A random rstats year overview
It’s been a year or so since I stopped actively following the rstats community or R development in general. I checked in here and there but I didn’t need to use R on a daily basis so I let it slip. However recently I felt the need to pick it up again and what better way than to write a blogpost about it.
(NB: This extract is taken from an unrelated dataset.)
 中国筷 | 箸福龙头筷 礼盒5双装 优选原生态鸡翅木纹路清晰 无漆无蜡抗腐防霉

How do you keep up with a programming language and its community? Methodically.
The Source
Let’s start at the source. There have been 5 releases between July 2019 and July 2020:
Version | Date | Name |
---|---|---|
3.6.2 | 2019-12-12 | Dark and Stormy Night |
3.6.3 | 2020-02-29 | Holding the Windsock |
4.0.0 | 2020-04-24 | Arbor Day |
4.0.1 | 2020-06-06 | See Things Now |
4.0.2 | 2020-06-22 | Taking Off Again |
The easiest way to find out what has changed in each version is to check out R News. The minor version updates mainly contain bug fixes and updates to low level code so I’ll skip that. It is the major release that has some “SIGNIFICANT USER-VISIBLE CHANGES”, I like how they put that in capital letters.
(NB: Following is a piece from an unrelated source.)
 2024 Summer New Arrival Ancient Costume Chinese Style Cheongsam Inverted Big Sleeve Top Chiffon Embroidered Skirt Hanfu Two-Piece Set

The two biggest changes for me are a new raw string syntax and stringsAsFactors being FALSE by default. Yes, you heard it right, the default value for stringsAsFactors has finally changed.
If you want to know why it was set to TRUE in the first place, I highly recommend Roger Peng’s blogpost. As for the raw string syntax, that’ll save a lot of backslashes when working with regex. Here’s a quick example of what you can now do:
r"(C:\Program Files)"
## [1] "C:\\Program Files"
Check out Luke Tierney’s talk at useR!2020 for more information about these and other changes.
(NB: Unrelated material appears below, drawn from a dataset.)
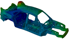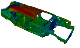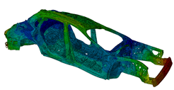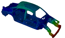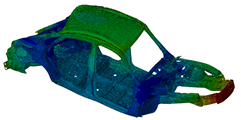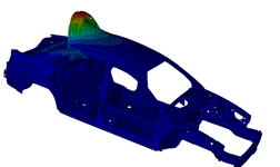 The gradient of three eigenfrequencies over 15 iterations and the mass constraint are illustrated in the above figure. The constraint is fullfilled. In this example, all calculated natural frequencies are considered for the objective function using the Kreisselmaier-Steinhauser formulation, and the definition is as follows: DRESP ID_NAME = all_lowest_eigenfrequencies DEF_TYPE = SYSTEM TYPE = DYN_FREQ_KREISSEL LC_SET = MODAL, ALL, ALL END_ OBJ_FUNC ID_NAME = maximize_eigenfrequencies DRESP = all_lowest_eigenfrequencies TARGET = MAX END_ If one has requested 10 eigenfrequencies in the finite element input model but only the first 5 eigenfrequencies are to be used in the optimization definition, then the design response for 5 eigenfrequencies is defined as follows: DRESP ID_NAME = all_lowest_eigenfrequencies_1_5 DEF_TYPE = SYSTEM TYPE = DYN_FREQ_KREISSEL LC_SET = MODAL, ALL, 1-5 END_ OBJ_FUNC ID_NAME = maximize_eigenfrequencies_1_5 DRESP = all_lowest_eigenfrequencies_1_5 TARGET = MAX END_ | ||||||||||||||||||

The one thing that really strikes me, as a casual R user at the moment, is that none of the changes in the changelog really affect me. Perhaps my reliance on packages has become so great that I’ll only notice changes to core R when or if package authors decide to pass them through.
The Postman always delivers…packages
So instead of looking at core R maybe I should be looking at changes to packages. At the time of writing there are 16035 packages. Here is me going through 16035 changelogs:
Of course I’m not going to do that! A better idea is to just look at updated and new packages. Joseph Rickert did something similar on the Revolutions blog using data from Dirk Eddelbeutel’s CRANberries website. The website publishes news about any updated and new packages, there’s even an accompanying Twitter account. There are two ways I can get at the data I want: download the tweets or extract the data from the website’s RSS feed. I’ll go for the second option because it’s much richer information and I haven’t done that before.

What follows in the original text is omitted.